Testing different monte carlo reinfrocement learning methods to learn the optimal strategy for blackjack.

Overview

When played correctly, blackjack is a great casino game because of its relatively high, albeit still negative, expected value. On top of that, playing correctly isn’t reserved for an elite few strategists. The strategies are openly available online and it isn’t hard to memorize them. Here’s an example of one right now:

Off the shelf policy

In this strategy, you look up which state you’re in (based on your hand and one card of the dealer’s hand) and then choose the appropriate action, either stay or hit.

Once you dive a bit deeper into these websites you may realize blackjack doesn’t exactly follow the same set of rules everywhere. Each place has its own set of house rules. Some games differ on when a dealer will stop hitting.
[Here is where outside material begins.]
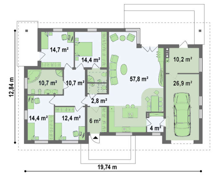Проект одноэтажного коттеджа с 4 спальнями 4M070

In addition, some games give you the additional actions of surrender, double, and split. And before you even draw your cards, some games give you the choice of buying insurance. And on top of all of that, many games have differnt payouts for blackjacks. Suddenly you realize there are countless permutations of this seemingly simple game and each one likely has a slightly different optimal strategy.

Finding the optimal strategy for your given game of blackjack is now a much more difficult endeavor. It’s possible that you can find it online with some digging, but if you’re not familiar with the particular website that has your version of blackjack, you may question strategy’s credibility. To be completely sure, it’d be ideal to derive the optimal strategy yourself. While it is possible to iterate through each possible outcome and even use some probability to simplify the problem, it’s also possible to derive the best strategy in a slightly more efficient and generalizable manner. This is achievable through reinforcement learning methods. In particular, monte carlo methods are especially well suited for blackjack since both well aligned to episodes, or independent, single instances of a game. Monte carlo methods perform value and policy updates at the end of each episode and blackjack only reveals the reward, or payout, at the end of an episode.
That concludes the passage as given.